#### [Record excerpts]
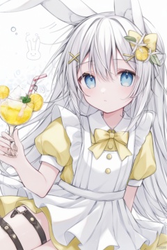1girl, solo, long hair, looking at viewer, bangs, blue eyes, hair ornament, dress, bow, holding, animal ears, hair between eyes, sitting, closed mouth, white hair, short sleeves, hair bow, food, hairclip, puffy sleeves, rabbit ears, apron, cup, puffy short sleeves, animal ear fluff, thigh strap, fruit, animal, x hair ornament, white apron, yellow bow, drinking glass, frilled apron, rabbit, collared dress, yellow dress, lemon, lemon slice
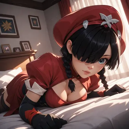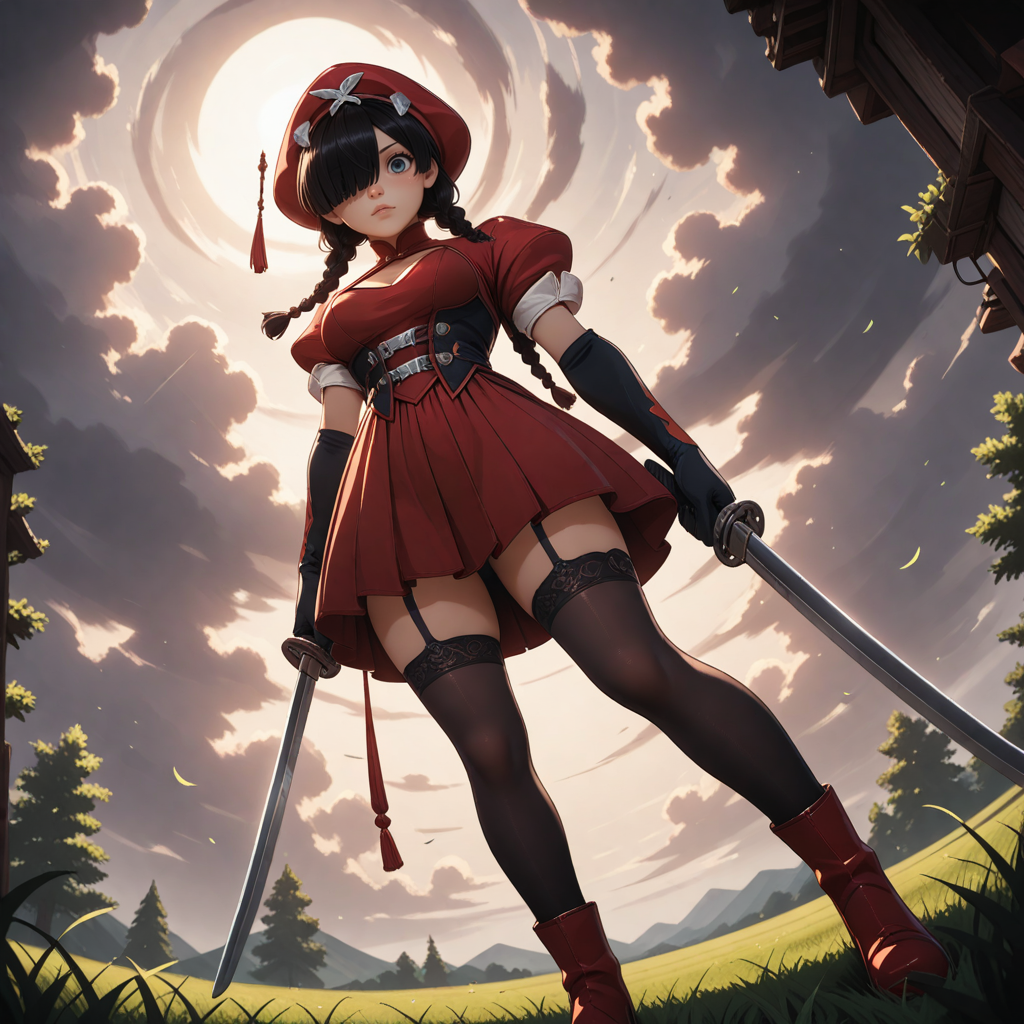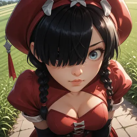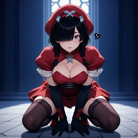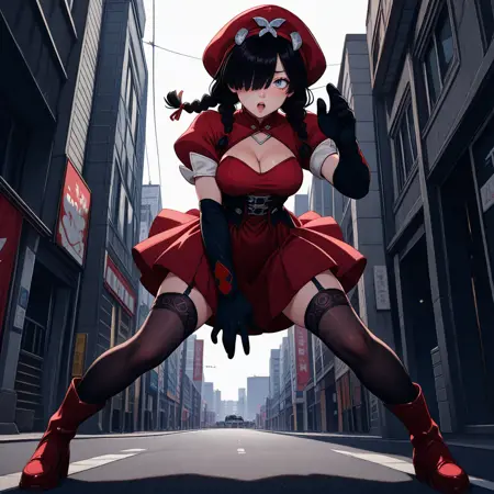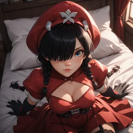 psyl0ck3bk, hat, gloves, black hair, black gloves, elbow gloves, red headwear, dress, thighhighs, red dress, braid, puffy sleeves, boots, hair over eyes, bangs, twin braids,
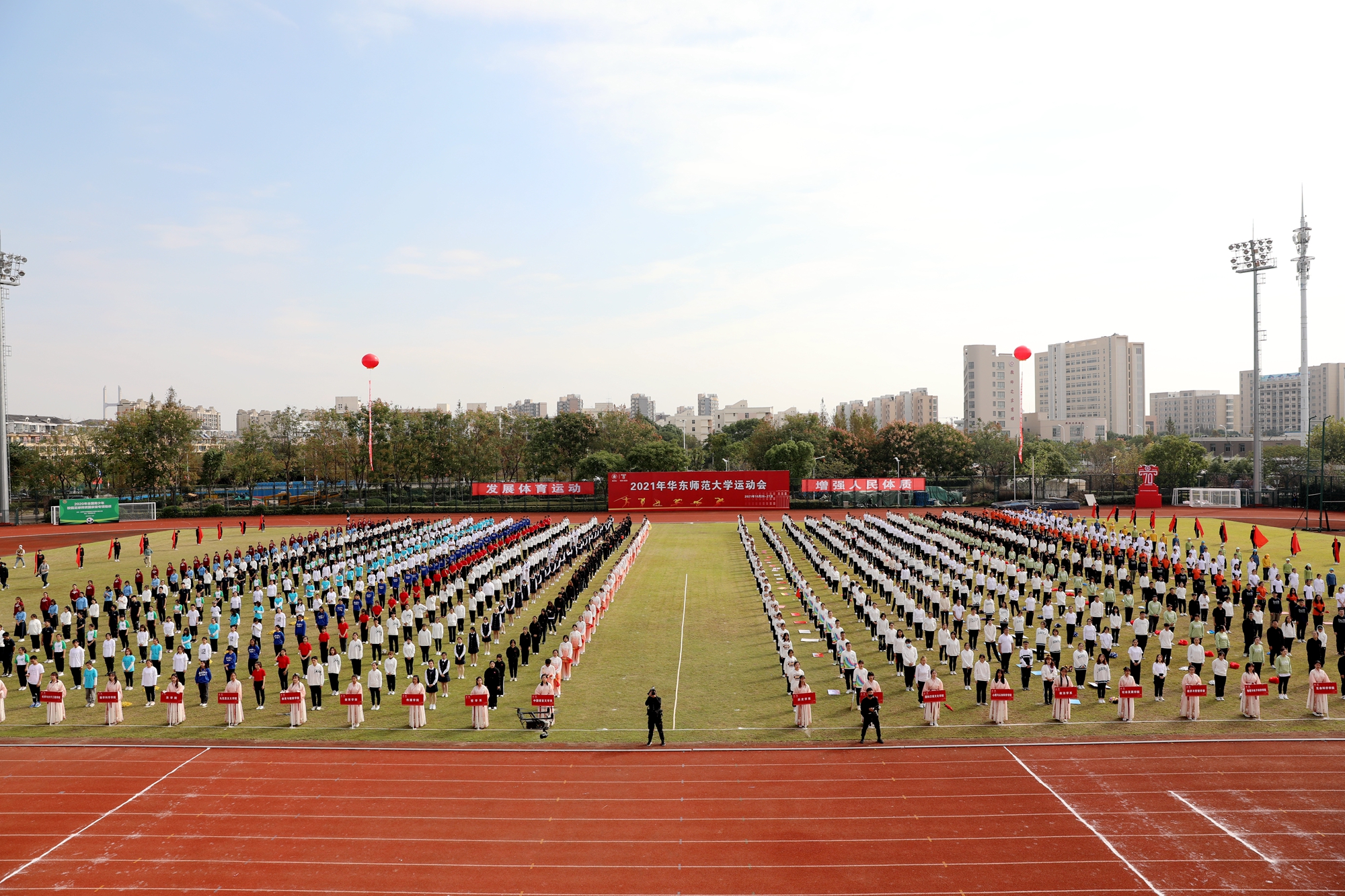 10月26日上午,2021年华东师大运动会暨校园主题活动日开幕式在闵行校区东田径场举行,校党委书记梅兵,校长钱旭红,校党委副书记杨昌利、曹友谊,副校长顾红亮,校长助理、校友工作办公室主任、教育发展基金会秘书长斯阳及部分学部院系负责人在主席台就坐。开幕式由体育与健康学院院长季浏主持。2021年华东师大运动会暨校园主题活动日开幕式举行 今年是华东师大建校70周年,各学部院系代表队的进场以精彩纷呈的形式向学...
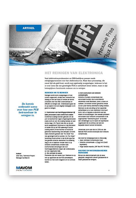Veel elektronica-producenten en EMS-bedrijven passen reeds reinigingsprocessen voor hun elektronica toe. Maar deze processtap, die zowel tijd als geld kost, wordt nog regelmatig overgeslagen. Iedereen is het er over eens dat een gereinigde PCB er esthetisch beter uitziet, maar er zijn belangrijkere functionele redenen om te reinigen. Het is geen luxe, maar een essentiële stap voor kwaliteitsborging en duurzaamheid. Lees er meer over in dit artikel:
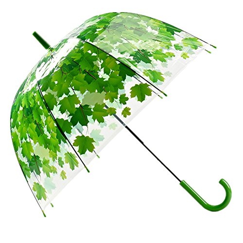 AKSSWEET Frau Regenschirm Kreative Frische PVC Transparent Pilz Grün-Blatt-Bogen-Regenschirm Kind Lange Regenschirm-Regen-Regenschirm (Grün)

#### [Required action]
Your answer must be the full set of entries, set down exactly and without pictures.

#### [Finished exercise]
1girl, solo, long hair, looking at viewer, bangs, blue eyes, hair ornament, dress, bow, holding, animal ears, hair between eyes, sitting, closed mouth, white hair, short sleeves, hair bow, food, hairclip, puffy sleeves, rabbit ears, apron, cup, puffy short sleeves, animal ear fluff, thigh strap, fruit, animal, x hair ornament, white apron, yellow bow, drinking glass, frilled apron, rabbit, collared dress, yellow dress, lemon, lemon slice
 psyl0ck3bk, hat, gloves, black hair, black gloves, elbow gloves, red headwear, dress, thighhighs, red dress, braid, puffy sleeves, boots, hair over eyes, bangs, twin braids,
 10月26日上午,2021年华东师大运动会暨校园主题活动日开幕式在闵行校区东田径场举行,校党委书记梅兵,校长钱旭红,校党委副书记杨昌利、曹友谊,副校长顾红亮,校长助理、校友工作办公室主任、教育发展基金会秘书长斯阳及部分学部院系负责人在主席台就坐。开幕式由体育与健康学院院长季浏主持。2021年华东师大运动会暨校园主题活动日开幕式举行 今年是华东师大建校70周年,各学部院系代表队的进场以精彩纷呈的形式向学...
Veel elektronica-producenten en EMS-bedrijven passen reeds reinigingsprocessen voor hun elektronica toe. Maar deze processtap, die zowel tijd als geld kost, wordt nog regelmatig overgeslagen. Iedereen is het er over eens dat een gereinigde PCB er esthetisch beter uitziet, maar er zijn belangrijkere functionele redenen om te reinigen. Het is geen luxe, maar een essentiële stap voor kwaliteitsborging en duurzaamheid. Lees er meer over in dit artikel:
 AKSSWEET Frau Regenschirm Kreative Frische PVC Transparent Pilz Grün-Blatt-Bogen-Regenschirm Kind Lange Regenschirm-Regen-Regenschirm (Grün)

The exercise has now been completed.